■ Exercise
Find the line below with "[Подлинный] ABC гигиенические". Print it and every line after it exactly, through the last line, leaving out the pictures.

■ Dataset records
------------

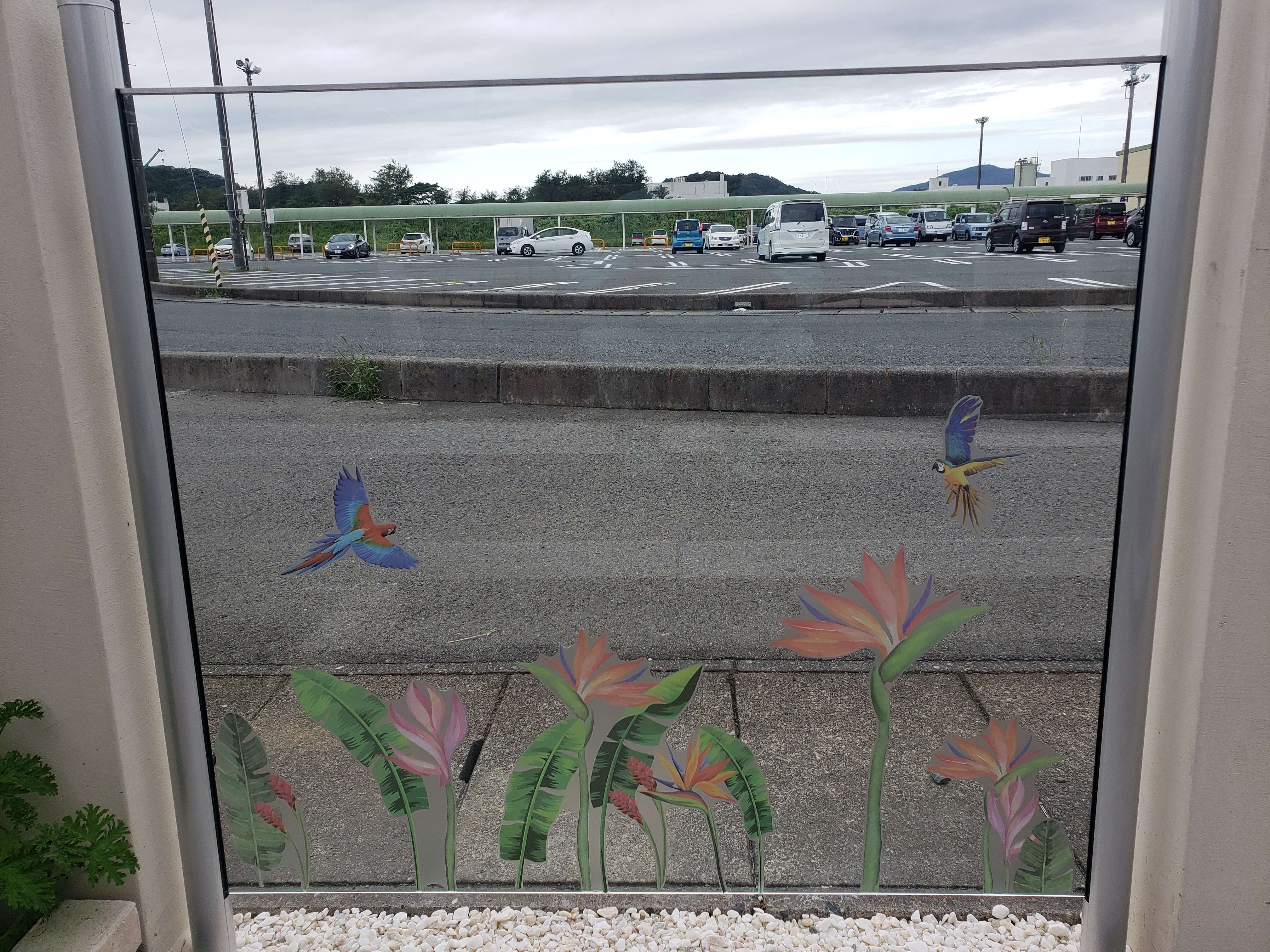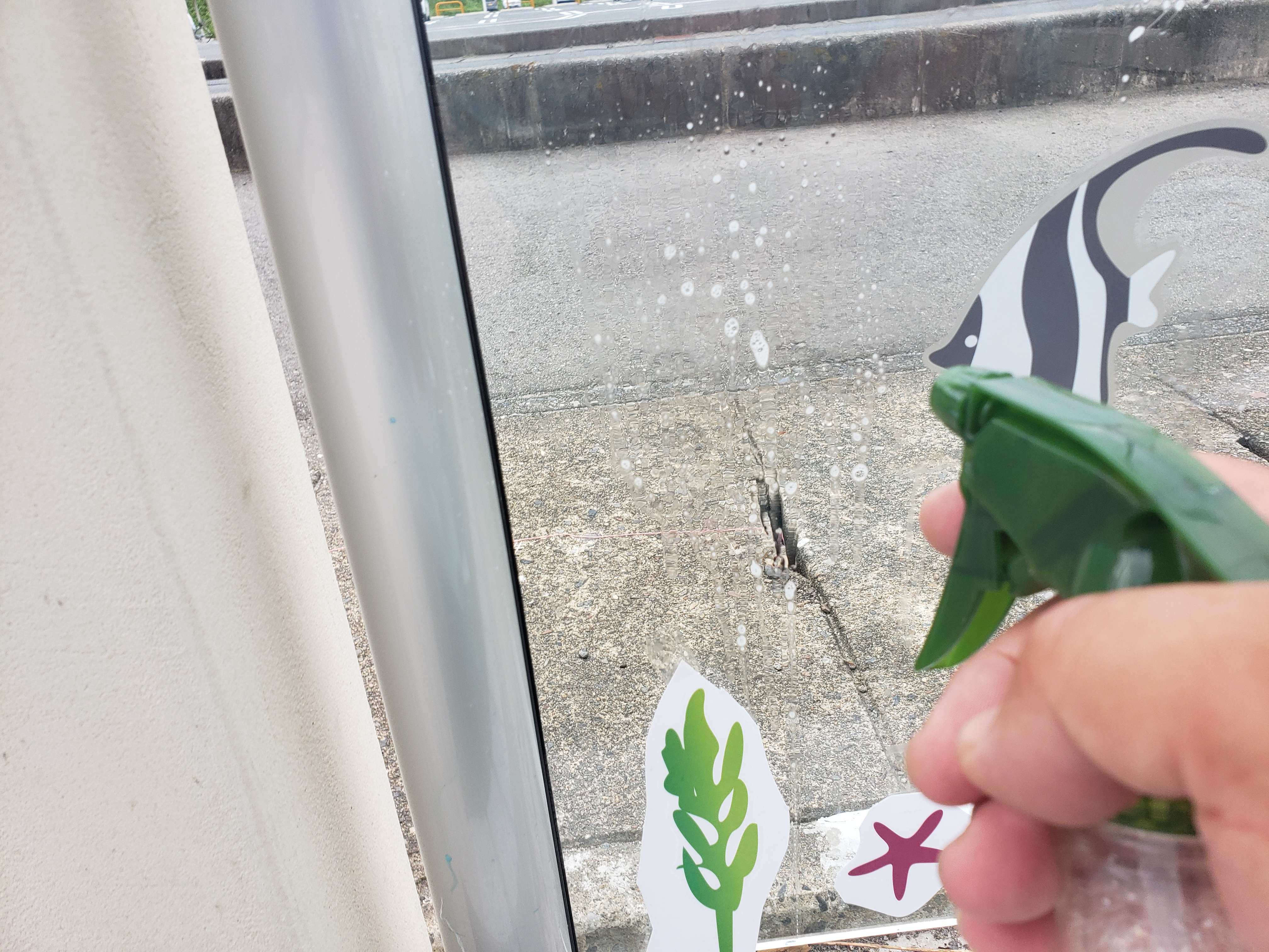 ガラスですので、車両ステッカーの用に洗剤入りの水を吹きかけております。
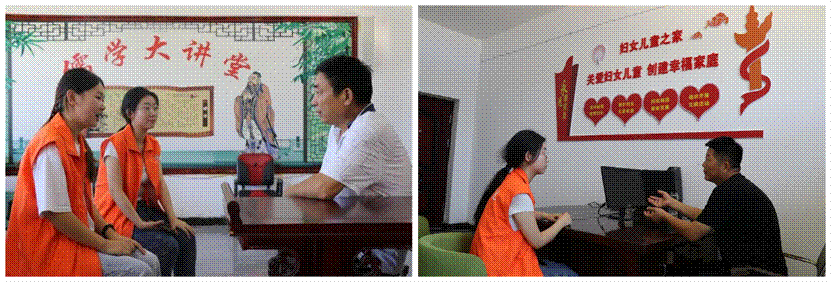 7月30日上午,实践团来到鲁桥镇仲家浅村开展了村干部采访活动。对该村党委书记仲伟勇、村会计仲维悦和公益岗村民贾成成分别进行了采访,各位村干部对留守困境儿童的基本情况、特殊案例、资助资金发放情况和慰问关爱情况进行了详细介绍,通过采访了解到,该村留守困境儿童数量并不多,有个别较为极端的案例已经进行了多方面的帮扶,并安排专人进行了定期关注。
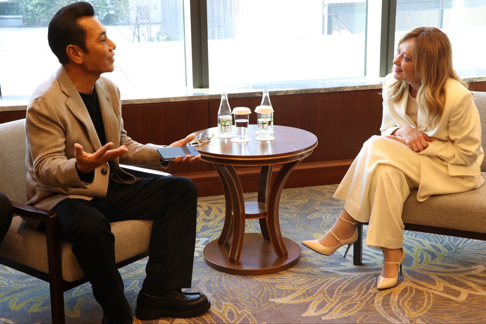 イタリアのメローニ首相、大ファンの『北斗の拳』原哲夫と面会で握手 版画に笑顔
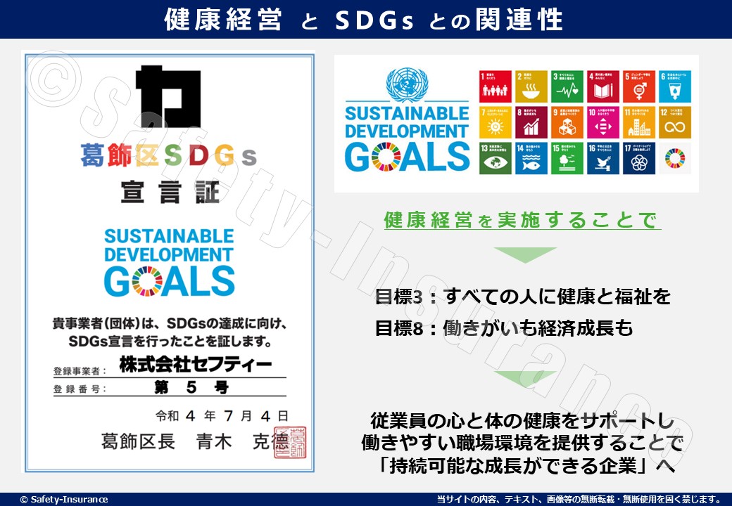 その環境を整えることが、結果として全てのステークホルダーにとってプラスになると信じています。また、この健康経営の取り組みは、SDGs(持続可能な開発目標)の「目標3:すべての人に健康と福祉を」と「目標8:働きがいも経済成長も」に深く関わっています。
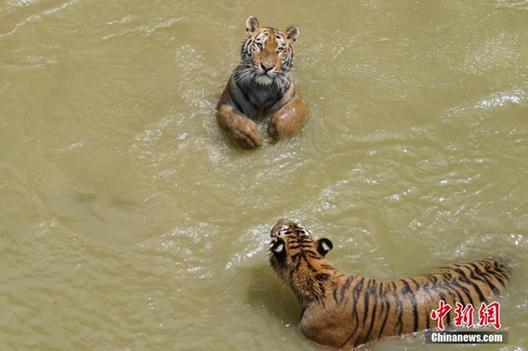 7月26日,无锡动物园的工作人员一早就为该园的动物们安全度夏做准备,遮阳网、空调、电扇、喷淋、冰块、水果冰坨等“清凉”物品一应俱全。面对高温来袭,动物们度夏、防暑也是各有“凉方”,这些动物们有的泡在水里、有的躲在树荫下、有的则抱着冰块降温。据无锡气象部门消息称,受强盛的副热带高压控制,今天无锡最高温度达到了39.1℃。预计29日前,39℃左右的高温天气还将维持,城区最高温度在40-41℃之间。图为老虎们戏水避暑。孙权 摄
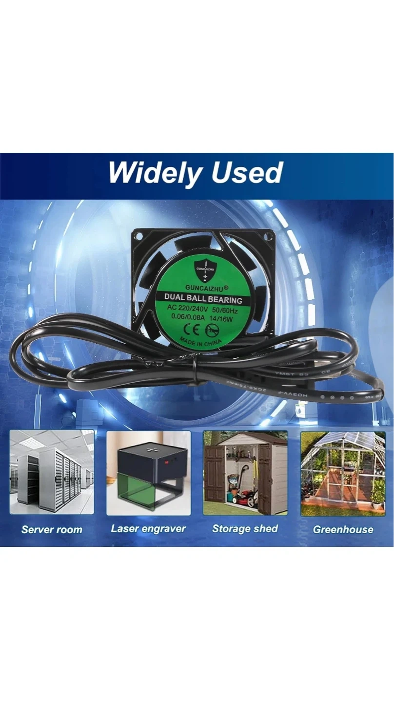 GUNCAIZHU Dual Ball Bearing Fan AC 220-240V 80mm
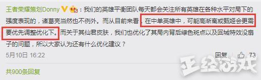 还有就是关于中单调整的问题,策划表示相比较诸葛亮来说 更需要优化的还是甄姬和高渐离 ,因为这俩排位赛出场率去确实都没过50%,而且高渐离出场率仅为3.8%。小弟推测策划这样说的话未来是会考虑加强这两位英雄的。
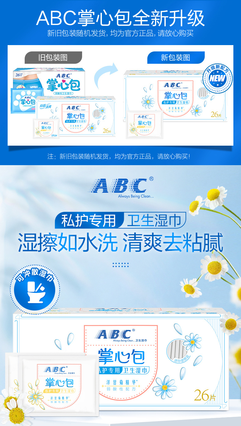 [Подлинный] ABC гигиенические салфетки ладони пакет 26 таблеток RM01
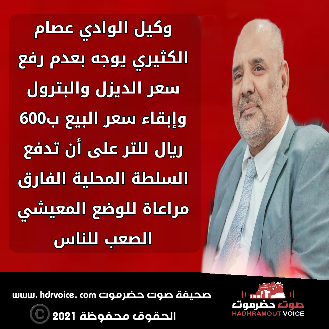 وكيل وادي حضرموت عصام الكثيري يوجّه شركة النفط بعدم رفع سعر الديزل والبترول وإبقاء سعر البيع بـ 600 ريال على أن تدفع السلطة المحلية بالوادي الفارق .
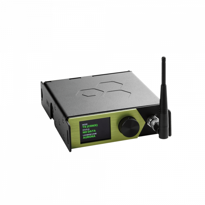 De LumenRadio Aurora is een DMX/RDM-transceiver die gebruik maakt van LumenRadio CRMX-technologie, samen met Wi-Fi- en Bluetooth-connectiviteit. Hij biedt betrouwbare draadloze DMX die zowel CRMX- als W-DMX-compatibel is. De transceiver heeft een vertraging van 5 ms, 128-bits encryptie en foutcorrectie bij de maximale verversingsfrequentie voor een heel universe.
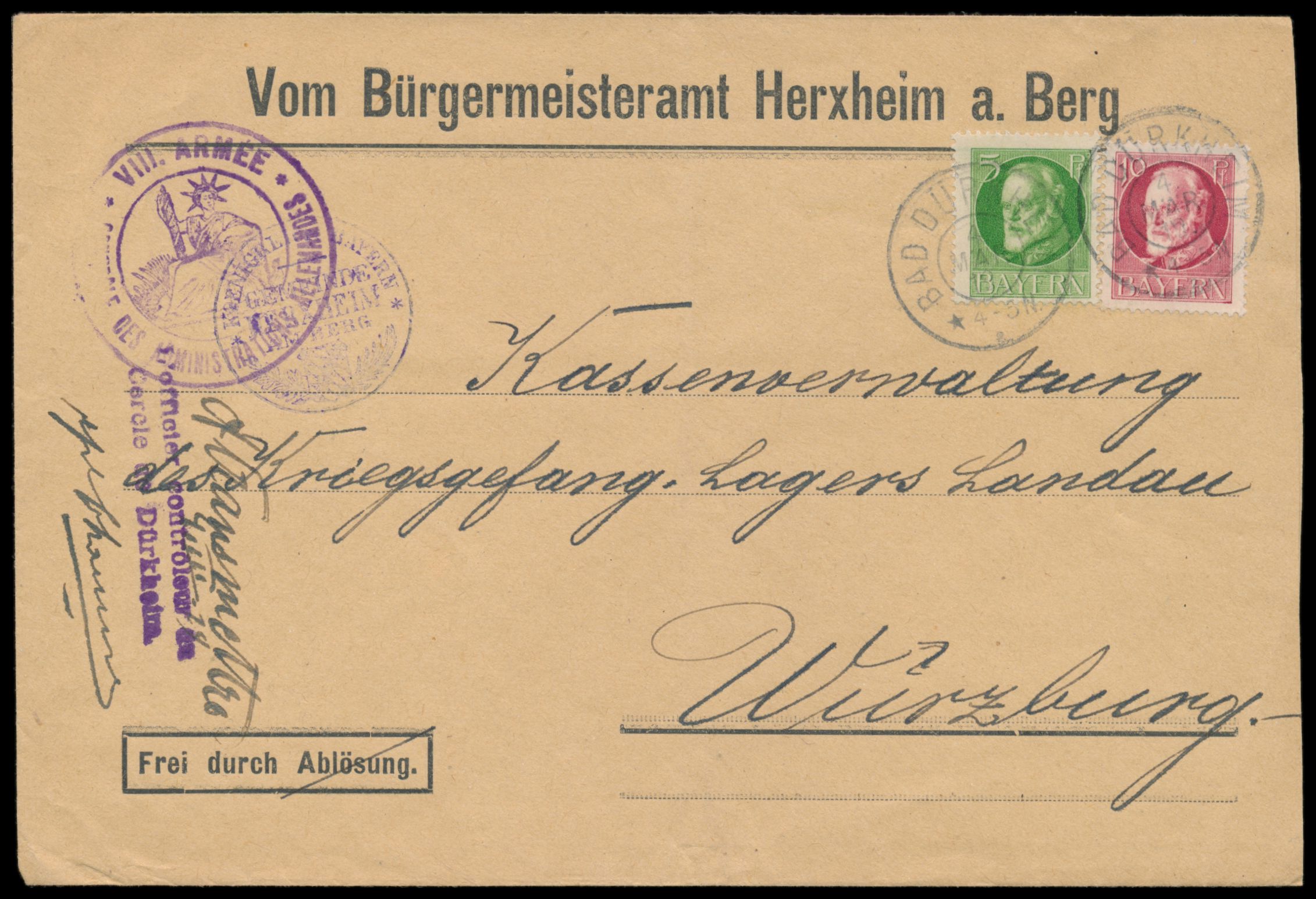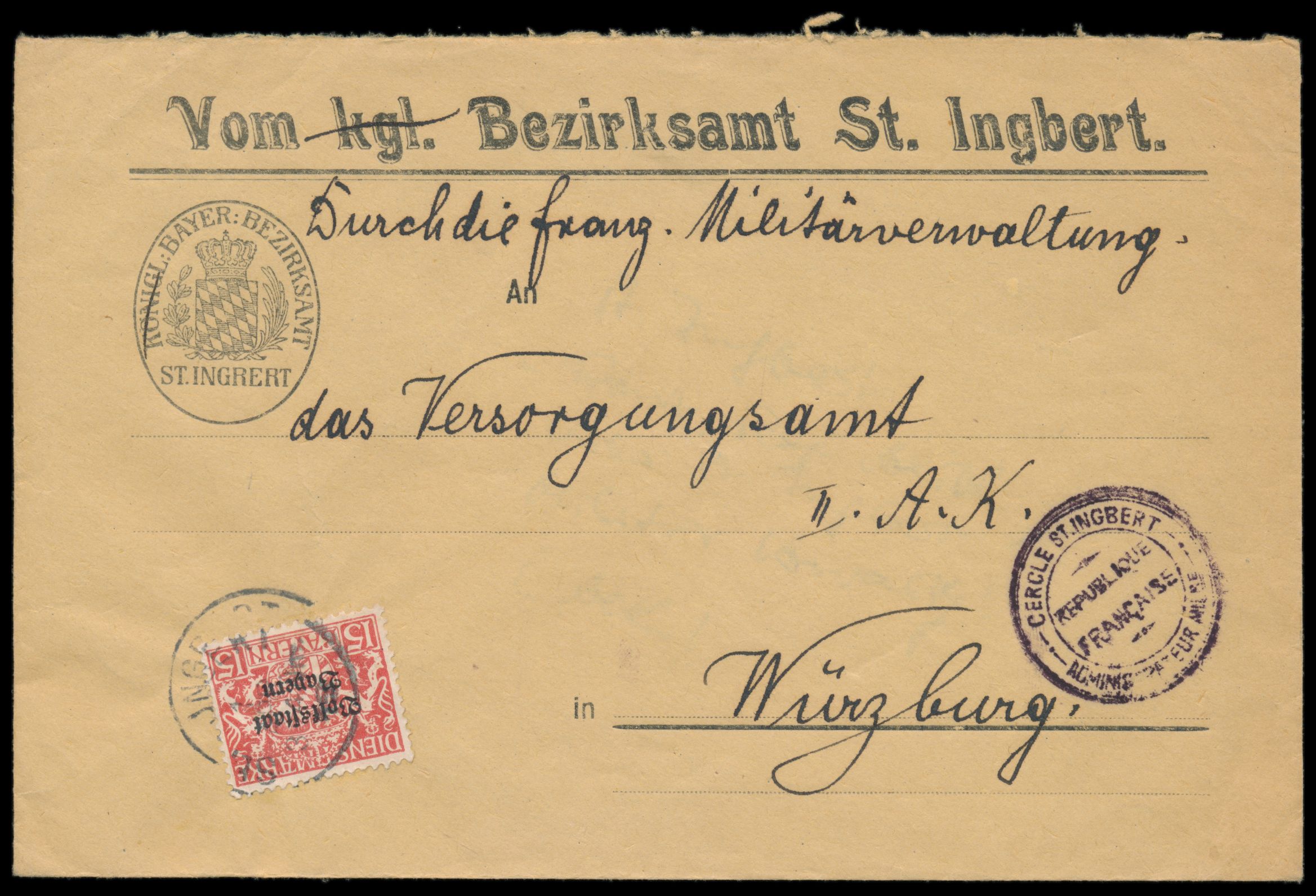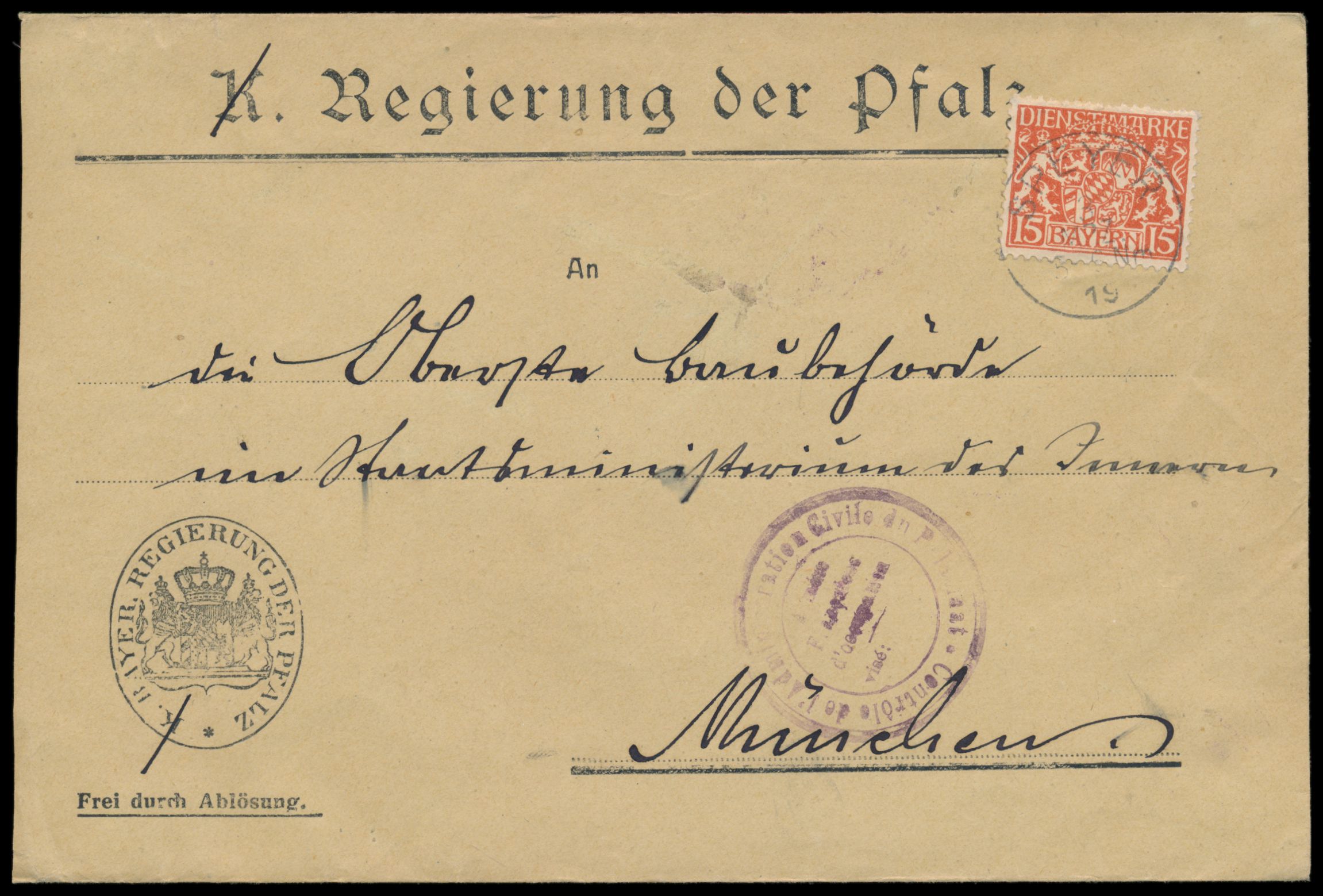 Rheinland-Besetzung, Behördenbrief mit Bayern-Dienstmarke 15 Pf. mit Stempel Speyer 3.3.19 nach München, violetter Kreisstempel Controle de l`Administration Civile du Palatinat / Armee Francaise d`occupation visé: ... der Überwachungsstelle Speyer

------------

■ Task output
 [Подлинный] ABC гигиенические салфетки ладони пакет 26 таблеток RM01
 وكيل وادي حضرموت عصام الكثيري يوجّه شركة النفط بعدم رفع سعر الديزل والبترول وإبقاء سعر البيع بـ 600 ريال على أن تدفع السلطة المحلية بالوادي الفارق .
 De LumenRadio Aurora is een DMX/RDM-transceiver die gebruik maakt van LumenRadio CRMX-technologie, samen met Wi-Fi- en Bluetooth-connectiviteit. Hij biedt betrouwbare draadloze DMX die zowel CRMX- als W-DMX-compatibel is. De transceiver heeft een vertraging van 5 ms, 128-bits encryptie en foutcorrectie bij de maximale verversingsfrequentie voor een heel universe.
 Rheinland-Besetzung, Behördenbrief mit Bayern-Dienstmarke 15 Pf. mit Stempel Speyer 3.3.19 nach München, violetter Kreisstempel Controle de l`Administration Civile du Palatinat / Armee Francaise d`occupation visé: ... der Überwachungsstelle Speyer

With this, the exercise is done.